Long Trax Productions – 31st January 2024
Christopher Nosnibor
The brief liner notes are almost as perplexing as the cover art and the rest of Will Long’s Bandcamp page. I mean, you might think that the title is the key here. While clocking in around the eleven-minute mark, these compositions, as much as they’re far from short, well, I’ve certainly heard many longer trax, with many albums featuring a single twenty-minute piece on each side. But of course, it’s a pun. Sort of. Regardless, spreading these four tracks across four sides of vinyl feels somewhat indulgent, although I won’t go quite as far as to say exploitative, despite the temptation.

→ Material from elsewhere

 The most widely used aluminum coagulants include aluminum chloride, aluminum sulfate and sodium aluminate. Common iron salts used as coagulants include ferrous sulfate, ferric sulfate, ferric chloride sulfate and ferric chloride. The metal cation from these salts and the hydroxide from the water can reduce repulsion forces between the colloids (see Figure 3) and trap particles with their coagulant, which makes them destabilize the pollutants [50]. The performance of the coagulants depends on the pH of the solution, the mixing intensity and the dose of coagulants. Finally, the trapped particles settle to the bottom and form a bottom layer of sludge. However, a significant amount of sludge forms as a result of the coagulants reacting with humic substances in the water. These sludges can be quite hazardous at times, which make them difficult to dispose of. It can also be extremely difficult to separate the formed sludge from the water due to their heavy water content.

Will Long has to date created an extensive catalogue of work, both with Celer, since 2004, and as a solo artist – and when I say ‘extensive’, I mean extensive, with Celer having released around a hundred albums (if you include collaborations and compilations), and his solo output is equally overwhelming in volume. The Long Trax releases have arrived sporadically between other releases, and are broadly connected, in stylistic terms. As Long puts it, ‘round 4 of the Long Trax series [is] the pivotal moment of truth. Four new deep cuts spread across 4 sides of vinyl in dual sleeves, and spun onto disc. An all-analog, hardware machine affair, full of glacial pads and icy stabs, rhythm composure (composer) sequences, round booming basslines, and narrators from beyond. It’s the real thing, still chugging along.’

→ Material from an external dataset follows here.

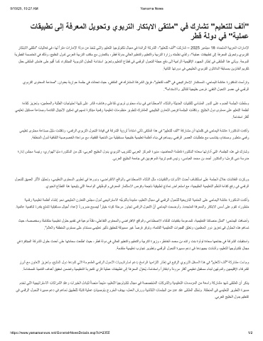 ﺔﯾرطﻘﻟا ﺔﻣﺻﺎﻌﻟا ﻲﻓ كﻟذو ،ﺞﯾﻠﺧﻟا لودﻟ ﻲﺑرﻌﻟا ﺔﯾﺑرﺗﻟا بﺗﻛﻣ ﻊﻣ نوﺎﻌﺗﻟﺎﺑ ،رطﻗ ﺔﻟودﺑ ﻲﻟﺎﻌﻟا مﯾﻠﻌﺗﻟاو مﯾﻠﻌﺗﻟاو ﺔﯾﺑرﺗﻟا ةرازو ﮫﺗﻣظﻧ يذﻟاو ،"ﺔﯾﻠﻣﻋ تﺎﻘﯾﺑطﺗ ﻰﻟإ ﺔﻓرﻌﻣﻟا لﯾوﺣﺗو يوﺑرﺗﻟا
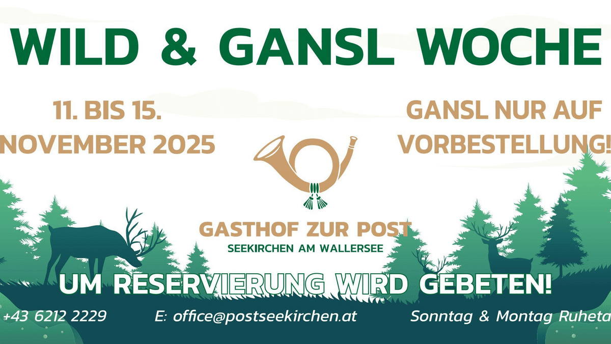 Um Reservierung wird gebeten unter 06212/ 2229 oder office@postseekirchen.at Auf Ihren Besuch freut sich Fam. Gmachl-Wintersteller & Team!

Less than a minute into ‘One in the Future’, I’m feeling late 90s chilled techno vibes, and I’m dragged back to a handful of club experiences where I fucking hated the music and I hated the posers.
I’ll admit, I’ve always had something of a fraught relationship with dance music and its culture. I suppose I’ve generally leaned towards rock, but have found spaces in my head and heart for some dance and adjacent, loving the KLF from the start, and so much of the electronic music from the late 70s and early 80s. Chris and Cosey’s Trance is a straight-up dance album, and I dig it not just because it’s a Throbbing Gristle-related release. But, as I discovered when visiting a club in Brighton on visiting friends in the late 90s, some stuff, I just struggle to connect with. And this is it. To add to my story, I attended an Optimo night in Glasgow in 2004 to see Whitehouse. It was a strange event, in that most were there for the downtempo dance, which was halted for three quarters of an hour while William Bennet and Philip Best cranked out the most punishing, ear-shredding set to the sheer horror of the majority, before smooth beats returned, to their relief. My experience was inverse to the majority. Whitehouse did not go down well: the end of their set did. As the relentless bouncing beats returned, I was happy to leave, as were my whistling, devastated ears.
‘One in the Future’ is the longest eleven minutes of nondescript sonic wallpaper I have had the pain to endure in over a decade. It’s the monotony that hurts. It’s soulless, tedious, and nothing happens. And this is a fair summary of the album as a whole. To my ear, to my mind, to my insides, it feels so devoid of… anything that I can connect to. The samples blare, the squelchy synths blip and bloop and pulsate over tedious beats and maybe I need different drugs or a different brain, but this is relentlessly tedious, monotonous and crushingly dull. Get me out of here!